While this work did not evaluate residual connections on downsampling layers, a thorough evaluation of both methods put forth earlier would be required to complete the picture, highlighting how exactly residual connections in downsampling layers affect gradient flow, feature learning, and overall performance. Such an evaluation would clarify whether the additional computational cost of using $1\times 1$ convolutions for matching dimensions is justified by improved accuracy or if the simpler pooling-based approach suffices, particularly for tasks where computational efficiency is crucial.
}
}


%% Question 5:
% Briefly draw your conclusions based on the results from the previous sections (what are the take-away messages?) and conclude your report with a recommendation for future work.
%
% Good recommendations for future work also draw on the broader literature (the papers already referenced are good starting points). Great recommendations for future work are not just incremental (an example of an incremental suggestion would be: ``we could also train with different learning rates'') but instead also identify meaningful questions or, in other words, questions with answers that might be somewhat more generally applicable.
%
% For example, \citep{huang2017densely} end with \begin{quote}``Because of their compact internal representations and reduced feature redundancy, DenseNets may be good feature extractors for various computer vision tasks that build on convolutional features, e.g.,  [4,5].''\end{quote}
%
% while \cite{bengio1993problem} state in their conclusions that \begin{quote}``There remains theoretical questions to be considered,  such as whether the problem with simple gradient descent  discussed in this paper would be observed with  chaotic attractors that are not  hyperbolic.''\\\end{quote}
%
% The length of this question description is indicative of the average length of a conclusion section
\newcommand{\questionFive} {
\youranswer{
The results presented showcase a clear solution to the vanishing gradient problem.
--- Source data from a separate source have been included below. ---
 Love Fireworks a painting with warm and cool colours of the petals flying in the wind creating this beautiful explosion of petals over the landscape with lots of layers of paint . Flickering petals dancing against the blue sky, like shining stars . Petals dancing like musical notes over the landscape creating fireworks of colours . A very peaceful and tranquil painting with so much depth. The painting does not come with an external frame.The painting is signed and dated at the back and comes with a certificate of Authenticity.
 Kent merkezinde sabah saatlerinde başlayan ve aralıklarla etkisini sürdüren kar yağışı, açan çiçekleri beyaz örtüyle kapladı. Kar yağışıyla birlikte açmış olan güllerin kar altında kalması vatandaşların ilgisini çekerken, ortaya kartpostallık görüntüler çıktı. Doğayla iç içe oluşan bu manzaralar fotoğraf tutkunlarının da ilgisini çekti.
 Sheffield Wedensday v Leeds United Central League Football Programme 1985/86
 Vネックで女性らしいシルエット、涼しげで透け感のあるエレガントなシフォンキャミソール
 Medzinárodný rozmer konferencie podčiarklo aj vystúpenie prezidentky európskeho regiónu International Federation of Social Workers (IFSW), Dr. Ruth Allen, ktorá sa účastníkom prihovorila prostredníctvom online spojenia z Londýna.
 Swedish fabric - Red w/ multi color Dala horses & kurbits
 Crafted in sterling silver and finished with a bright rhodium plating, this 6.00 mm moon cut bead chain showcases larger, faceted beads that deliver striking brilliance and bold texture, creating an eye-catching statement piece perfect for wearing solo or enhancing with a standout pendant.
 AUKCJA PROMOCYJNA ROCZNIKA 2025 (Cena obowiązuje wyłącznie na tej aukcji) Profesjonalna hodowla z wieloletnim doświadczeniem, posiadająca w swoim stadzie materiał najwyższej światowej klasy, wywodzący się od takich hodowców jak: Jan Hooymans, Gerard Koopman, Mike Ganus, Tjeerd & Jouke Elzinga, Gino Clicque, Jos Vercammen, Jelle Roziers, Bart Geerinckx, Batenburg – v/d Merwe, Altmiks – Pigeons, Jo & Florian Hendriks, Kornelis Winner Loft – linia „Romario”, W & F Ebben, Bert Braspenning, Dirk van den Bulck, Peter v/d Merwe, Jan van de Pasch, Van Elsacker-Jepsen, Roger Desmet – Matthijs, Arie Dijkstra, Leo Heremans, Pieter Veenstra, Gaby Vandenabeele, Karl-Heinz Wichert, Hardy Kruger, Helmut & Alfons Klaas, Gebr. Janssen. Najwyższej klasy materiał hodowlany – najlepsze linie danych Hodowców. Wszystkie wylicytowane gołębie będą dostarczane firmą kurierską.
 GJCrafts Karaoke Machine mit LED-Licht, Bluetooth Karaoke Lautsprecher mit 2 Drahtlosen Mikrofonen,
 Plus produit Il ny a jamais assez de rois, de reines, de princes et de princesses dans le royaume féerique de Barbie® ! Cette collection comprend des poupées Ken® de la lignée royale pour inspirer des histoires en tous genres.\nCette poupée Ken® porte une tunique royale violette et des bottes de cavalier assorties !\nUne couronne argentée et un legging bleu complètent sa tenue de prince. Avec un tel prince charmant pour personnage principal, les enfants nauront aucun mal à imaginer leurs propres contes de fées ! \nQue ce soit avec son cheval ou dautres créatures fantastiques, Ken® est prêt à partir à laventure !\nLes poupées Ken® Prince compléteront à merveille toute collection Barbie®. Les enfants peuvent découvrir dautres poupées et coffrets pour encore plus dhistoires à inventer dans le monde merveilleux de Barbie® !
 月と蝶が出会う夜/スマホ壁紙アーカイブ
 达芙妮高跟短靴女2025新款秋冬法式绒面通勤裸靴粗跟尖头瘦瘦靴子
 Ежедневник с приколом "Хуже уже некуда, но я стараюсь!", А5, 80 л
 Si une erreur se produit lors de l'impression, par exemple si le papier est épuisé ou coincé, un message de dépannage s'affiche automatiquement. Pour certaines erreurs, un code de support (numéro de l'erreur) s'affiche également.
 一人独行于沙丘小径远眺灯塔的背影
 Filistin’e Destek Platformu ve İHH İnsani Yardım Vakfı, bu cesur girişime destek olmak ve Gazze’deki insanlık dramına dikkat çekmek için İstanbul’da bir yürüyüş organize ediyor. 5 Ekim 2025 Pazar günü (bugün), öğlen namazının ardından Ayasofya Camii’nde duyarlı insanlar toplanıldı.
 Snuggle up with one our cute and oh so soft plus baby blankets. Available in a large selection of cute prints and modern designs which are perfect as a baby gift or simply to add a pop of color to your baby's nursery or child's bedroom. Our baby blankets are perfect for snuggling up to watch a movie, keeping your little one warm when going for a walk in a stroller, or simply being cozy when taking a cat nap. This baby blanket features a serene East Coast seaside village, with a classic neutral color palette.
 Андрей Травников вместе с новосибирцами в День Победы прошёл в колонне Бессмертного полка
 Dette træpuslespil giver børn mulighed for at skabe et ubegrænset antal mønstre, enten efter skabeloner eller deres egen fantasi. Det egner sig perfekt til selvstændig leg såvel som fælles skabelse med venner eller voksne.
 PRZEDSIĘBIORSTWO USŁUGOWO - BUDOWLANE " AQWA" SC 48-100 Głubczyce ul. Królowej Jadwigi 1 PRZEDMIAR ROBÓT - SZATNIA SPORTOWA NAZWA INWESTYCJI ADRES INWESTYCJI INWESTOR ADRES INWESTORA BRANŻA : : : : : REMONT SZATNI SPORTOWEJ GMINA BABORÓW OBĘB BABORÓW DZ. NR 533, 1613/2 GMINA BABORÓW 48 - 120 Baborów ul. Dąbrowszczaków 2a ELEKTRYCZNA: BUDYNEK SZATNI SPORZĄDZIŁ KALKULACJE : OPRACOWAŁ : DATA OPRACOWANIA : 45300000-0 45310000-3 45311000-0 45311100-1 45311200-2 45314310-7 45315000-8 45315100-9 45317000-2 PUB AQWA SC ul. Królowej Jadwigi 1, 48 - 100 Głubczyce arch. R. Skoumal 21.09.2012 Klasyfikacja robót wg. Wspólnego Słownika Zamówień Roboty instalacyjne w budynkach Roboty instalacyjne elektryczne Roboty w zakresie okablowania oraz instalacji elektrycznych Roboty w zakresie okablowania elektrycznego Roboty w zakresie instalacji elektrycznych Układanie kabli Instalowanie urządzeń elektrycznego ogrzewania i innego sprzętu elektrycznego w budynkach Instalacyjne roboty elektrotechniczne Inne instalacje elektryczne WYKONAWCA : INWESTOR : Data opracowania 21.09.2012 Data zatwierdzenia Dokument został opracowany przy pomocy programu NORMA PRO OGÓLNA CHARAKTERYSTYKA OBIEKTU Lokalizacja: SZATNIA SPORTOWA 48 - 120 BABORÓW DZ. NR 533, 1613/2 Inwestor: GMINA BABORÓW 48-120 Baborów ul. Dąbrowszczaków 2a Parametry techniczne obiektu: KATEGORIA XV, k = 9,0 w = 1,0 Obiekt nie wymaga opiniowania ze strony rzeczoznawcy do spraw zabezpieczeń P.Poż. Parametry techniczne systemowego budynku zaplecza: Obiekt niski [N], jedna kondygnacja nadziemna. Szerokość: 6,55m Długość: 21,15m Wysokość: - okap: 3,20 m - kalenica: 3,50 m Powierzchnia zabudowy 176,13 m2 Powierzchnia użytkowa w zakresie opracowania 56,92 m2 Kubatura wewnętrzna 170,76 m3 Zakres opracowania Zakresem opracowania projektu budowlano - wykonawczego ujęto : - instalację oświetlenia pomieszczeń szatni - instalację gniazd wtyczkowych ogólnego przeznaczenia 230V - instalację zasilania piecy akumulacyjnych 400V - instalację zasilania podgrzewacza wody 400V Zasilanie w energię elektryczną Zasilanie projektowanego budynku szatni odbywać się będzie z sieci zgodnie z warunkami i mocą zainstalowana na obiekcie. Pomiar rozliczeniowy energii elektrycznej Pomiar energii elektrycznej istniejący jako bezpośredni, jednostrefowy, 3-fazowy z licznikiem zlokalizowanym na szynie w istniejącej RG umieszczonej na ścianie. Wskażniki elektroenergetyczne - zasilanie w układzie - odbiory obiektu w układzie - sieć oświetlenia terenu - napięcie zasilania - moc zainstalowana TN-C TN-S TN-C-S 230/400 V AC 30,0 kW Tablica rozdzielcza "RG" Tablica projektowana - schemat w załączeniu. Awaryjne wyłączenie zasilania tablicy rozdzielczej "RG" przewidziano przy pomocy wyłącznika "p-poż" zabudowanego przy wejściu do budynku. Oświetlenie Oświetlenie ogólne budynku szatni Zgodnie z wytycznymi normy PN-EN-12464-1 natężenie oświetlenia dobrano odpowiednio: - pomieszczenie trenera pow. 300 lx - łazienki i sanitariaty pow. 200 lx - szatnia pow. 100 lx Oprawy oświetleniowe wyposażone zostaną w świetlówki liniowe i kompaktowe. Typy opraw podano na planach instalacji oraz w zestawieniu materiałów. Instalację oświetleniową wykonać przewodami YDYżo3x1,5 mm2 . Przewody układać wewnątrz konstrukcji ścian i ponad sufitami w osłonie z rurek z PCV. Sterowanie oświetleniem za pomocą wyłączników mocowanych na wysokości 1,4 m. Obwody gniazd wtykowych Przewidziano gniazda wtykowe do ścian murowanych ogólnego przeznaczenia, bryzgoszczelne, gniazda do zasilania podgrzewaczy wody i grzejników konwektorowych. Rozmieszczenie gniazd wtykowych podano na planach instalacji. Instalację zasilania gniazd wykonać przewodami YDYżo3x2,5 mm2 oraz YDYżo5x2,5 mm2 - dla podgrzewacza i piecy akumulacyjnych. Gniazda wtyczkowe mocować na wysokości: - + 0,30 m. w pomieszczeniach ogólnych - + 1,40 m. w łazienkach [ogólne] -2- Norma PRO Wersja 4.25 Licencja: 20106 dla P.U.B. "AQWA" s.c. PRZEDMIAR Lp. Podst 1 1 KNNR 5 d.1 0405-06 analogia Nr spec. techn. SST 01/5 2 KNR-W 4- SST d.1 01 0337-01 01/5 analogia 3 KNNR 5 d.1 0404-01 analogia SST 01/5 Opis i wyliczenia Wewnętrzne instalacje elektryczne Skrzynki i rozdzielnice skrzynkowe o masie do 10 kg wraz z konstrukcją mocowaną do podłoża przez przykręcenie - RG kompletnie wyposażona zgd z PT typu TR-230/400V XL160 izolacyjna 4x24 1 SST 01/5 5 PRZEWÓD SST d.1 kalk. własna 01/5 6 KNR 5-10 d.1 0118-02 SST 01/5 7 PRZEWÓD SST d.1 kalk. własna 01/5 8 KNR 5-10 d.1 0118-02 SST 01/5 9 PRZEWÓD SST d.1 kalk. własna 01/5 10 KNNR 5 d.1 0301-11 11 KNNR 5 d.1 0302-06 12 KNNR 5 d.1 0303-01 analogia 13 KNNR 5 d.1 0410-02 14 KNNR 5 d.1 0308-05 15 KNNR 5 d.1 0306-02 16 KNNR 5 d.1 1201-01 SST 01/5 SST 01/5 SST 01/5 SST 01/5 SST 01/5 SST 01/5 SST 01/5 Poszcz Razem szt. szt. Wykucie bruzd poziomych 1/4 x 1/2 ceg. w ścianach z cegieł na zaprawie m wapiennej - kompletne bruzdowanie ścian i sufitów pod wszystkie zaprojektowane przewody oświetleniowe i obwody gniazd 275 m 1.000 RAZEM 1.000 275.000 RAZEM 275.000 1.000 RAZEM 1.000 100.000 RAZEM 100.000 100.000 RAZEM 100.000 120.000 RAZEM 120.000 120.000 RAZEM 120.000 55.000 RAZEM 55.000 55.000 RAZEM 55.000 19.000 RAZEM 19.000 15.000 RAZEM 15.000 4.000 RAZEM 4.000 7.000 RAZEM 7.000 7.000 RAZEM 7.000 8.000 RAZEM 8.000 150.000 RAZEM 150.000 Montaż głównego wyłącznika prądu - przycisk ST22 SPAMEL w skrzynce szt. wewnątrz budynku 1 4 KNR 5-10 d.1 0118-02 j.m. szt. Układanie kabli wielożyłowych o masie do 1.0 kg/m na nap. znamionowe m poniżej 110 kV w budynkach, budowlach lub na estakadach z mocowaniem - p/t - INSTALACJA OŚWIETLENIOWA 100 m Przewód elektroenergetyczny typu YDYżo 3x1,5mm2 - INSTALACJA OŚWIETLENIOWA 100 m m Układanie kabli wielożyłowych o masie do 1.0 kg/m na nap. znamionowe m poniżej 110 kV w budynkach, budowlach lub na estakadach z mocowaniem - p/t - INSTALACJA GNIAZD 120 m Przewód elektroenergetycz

With batch normalization and Residual Connections, we are able to train much deeper neural networks effectively, as evidenced by the improved performance of VGG38 with these modifications. The combination of BN and RC not only stabilizes gradient flow but also enhances both training and validation accuracy, particularly when paired with an appropriate learning rate. These findings reinforce the utility of architectural innovations like those proposed in \cite{he2016deep} and \cite{ioffe2015batch}, which have become foundational in modern deep learning.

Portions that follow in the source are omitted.